Он говорил не только очень тихо, но отвернувшись в сторону, заставляя всех напрягаться, чтобы услышать его.

– Я думаю, мы сумеем получить визы и без товарища Рязанова. Решение продуманное, лишних запросов нету, и в наших силах помочь товарищу Рязанову выполнить задание партии.

Он замолчал так же неожиданно, как и начал.

Больше никто вопросов не задавал.

3

Респектабельный до революции, дом на Арбате оказался теперь самым заселенным – квартиры уплотнили. Но кое-кто сумел уберечься от этого – маленькая победа обывателя над новым строем. В числе победивших был и портной Шарок.

Мальчик в модной мастерской, закройщик, мастер и, наконец, муж единственной дочери хозяина – такова была карьера Шарока. Ее завершению помешала революция: ожидаемое наследство – мастерскую – национализировали. Шарок поступил на швейную фабрику и подрабатывал дома. Но попасть к нему удавалось только по надежной рекомендации – предосторожность человека, решившего никогда не встречаться с фининспектором.

Этот портной был еще статный, умеренно дородный, красиво стареющий мужчина с почтительно достойными манерами владельца дамского конфекциона. Шесть вечеров в неделю стоял он за столом с накинутым на шею сантиметром, наносил мелком линии кроя на материал, резал, шил, проглаживал швы утюгом. Зарабатывал деньги. Воскресенье проводил на ипподроме, его страстью был тотализатор.

Может быть, старый Шарок примирился бы с жизнью, если бы не вечный страх перед домоуправлением, соседями, всякими неожиданностями. Одной из них было осуждение старшего сына Владимира на восемь лет лагерей за ограбление ювелирного магазина. Он и раньше не слишком доверял этому вертлявому уродцу, похожему на мать и, следовательно, на обезьяну. Но довольствовался тем, что Владимир кончил поварскую школу при ресторане «Прага» и приносил домой зарплату. Конечно, сейчас повар не то, что раньше, какие теперь рестораны! Однако для физически слабого и неспособного к учению Владимира профессию выбрали удачно. Живя одним тотализатором, старик не придавал значения тому, что Владимир поигрывает в картишки. Но грабить?! Это не только по советским, это по любым законам – тюрьма.

Младший сын Шарока, Юрий, сдержанный, аккуратный подросток, лукавый и осторожный, выросший на арбатском дворе, вблизи Смоленского рынка и Проточных переулков, рассадников московского жулья и босячества, догадывался о воровской жизни брата, но дома ничего не рассказывал, законам улицы подчинялся с большей охотой, чем законам общества, в котором жил.
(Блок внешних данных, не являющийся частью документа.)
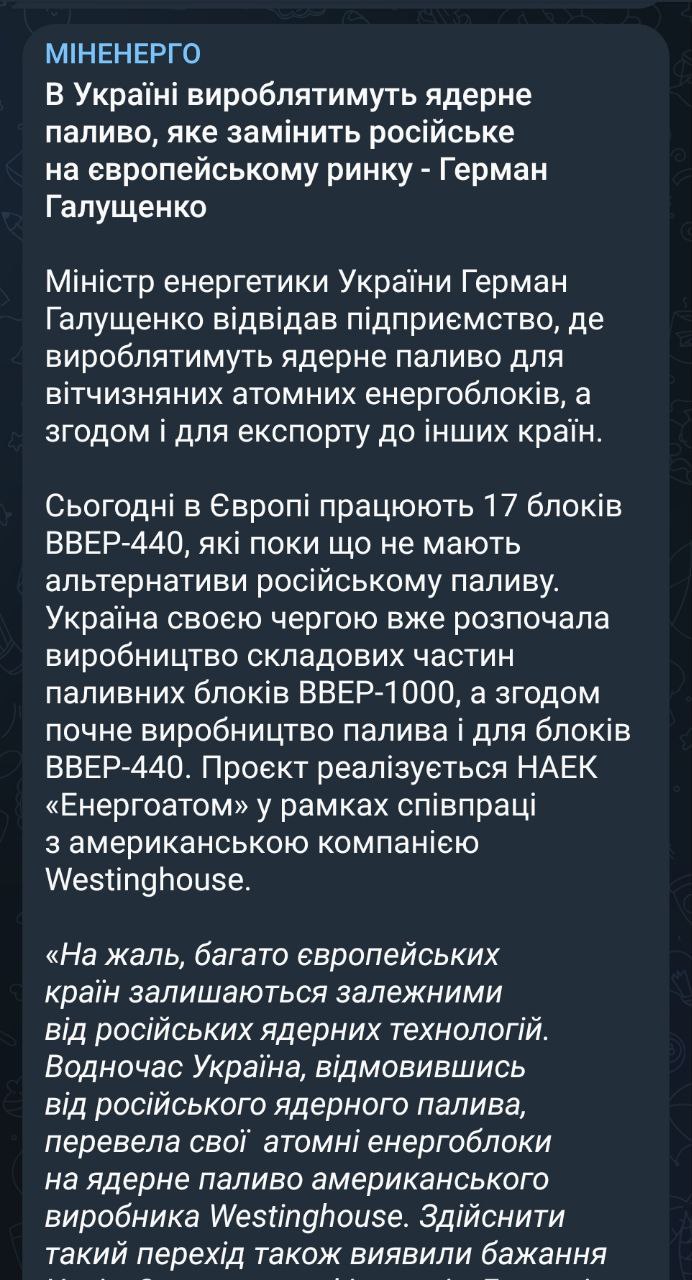 08.40 В Украине будут производить ядерное топливо, которое заменит российское на европейском рынке. Об этом заявил министр энергетики Герман Галущенко.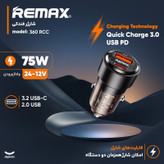 شارژر فندکی 75 وات دو پورت ریمکس مدل RCC 360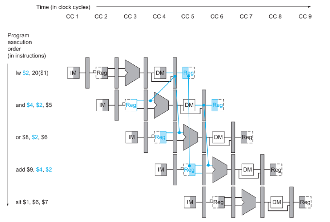 간단히 복기해보면, -20 이라는 값으로 실제 업데이트 되는 것은 CC 5 이지만, -20 이라는 값을 실제로 얻는 시점은 CC 3 에서도 이미 얻은 상황이다. 따라서 이때 얻은 값을 곧바로 다음 사이클에 넘겨주어서 쓸 수 있도록 하는 것이 포워딩이다.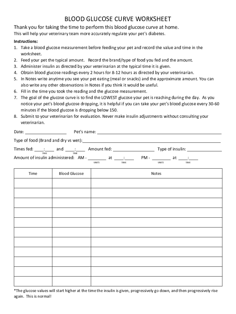 BLOOD GLUCOSE CURVE WORKSHEET Thank you for taking the time to perform this blood glucose curve at home. This will help your veterinary team more accurately regulate your pets diabetes. Instructions: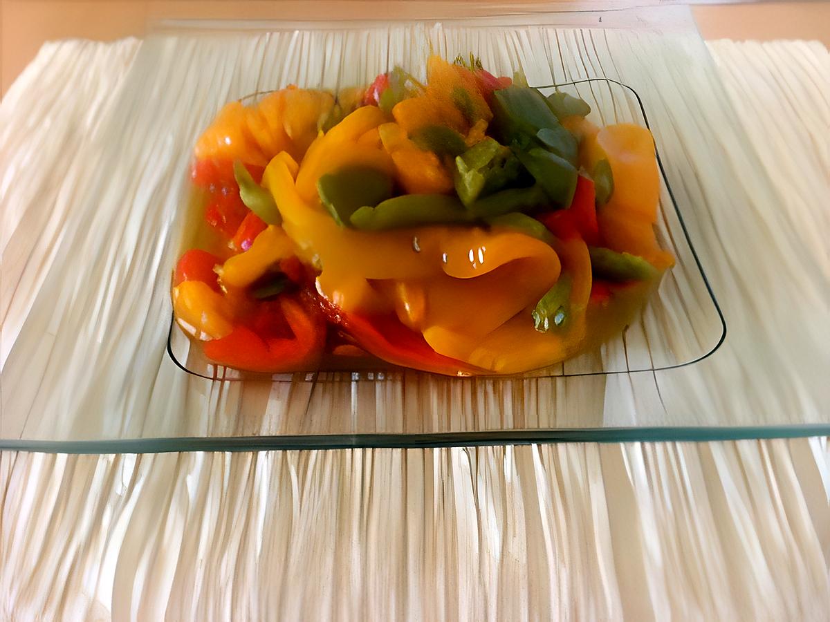 Heat olive oil in a pan. Add peppers and cook for 2 minutes. Add all other ingredients. Let them cook for ten minutes on a low flame.

Он не знал, в чем именно ущемила его революция, но с детства рос в сознании, что ущемила. Не представлял, как бы жилось ему при другом строе, но не сомневался, что лучше. Язвительное слово товарищи, ставшее обиходным в их семье для обозначения новых хозяев жизни, он переносил на школьных комсомольцев. Эти заносчивые активисты воображали, будто им принадлежит мир. Когда Саша Панкратов, тогда секретарь школьной комсомольской ячейки, выходил на трибуну и начинал рубать, Юра чувствовал себя беззащитным.

Он ненавидел политику, единственно приемлемой считал профессию инженера, она могла дать кое-какую независимость. Изменил эти планы случай, связанный опять же с арестом брата. Старик Шарок искал защитника, советовался с заказчиками, наконец нашел адвоката, который согласился вести процесс за пятьсот рублей. Сумма огромная, Шарок боялся ее вручать без свидетелей, взял с собой Юрия. Адвокат деньги пересчитывать не стал, открыл ящик стола, небрежно кинул туда пачку. На этом их визит и окончился, но Юрий успел разглядеть картины в золоченых рамах, золотые корешки книг за стеклами шкафов. Такой обстановки он еще не видел.

На улице старый Шарок завистливо вздохнул:

– Живут люди…

Но еще большее впечатление на Юру адвокат произвел в суде. Этот маленький человечек с помятым лицом и холеной бородкой вертел грозным пролетарским судом как хотел. Так, во всяком случае, казалось молодому Шароку. Адвокат сыпал статьями законов, прибегал к уловкам и ухищрениям, заставил вызвать новых свидетелей, назначить дополнительную экспертизу, язвительно препирался с судьей и прокурором. В руках у мрачного судьи и неумолимого прокурора был закон, но закон пугал их самих – открытие, определившее жизненные планы молодого Шарока. Путь к адвокатуре лежал через вуз, дорога в вуз – через комсомол и завод.

Так в девятом классе Юрий Шарок стал комсомольцем. Сын рабочего, а это высоко ценилось в школе, где учились дети арбатской интеллигенции, он держался независимо, девочки считали – загадочно. Особенно нравился он умным, серьезным, активным девочкам. Им казалось, что они воспитывают его, формируют личность. Для них, чистых, доверчивых, был очень привлекателен этот паренек: красивый и сдержанный.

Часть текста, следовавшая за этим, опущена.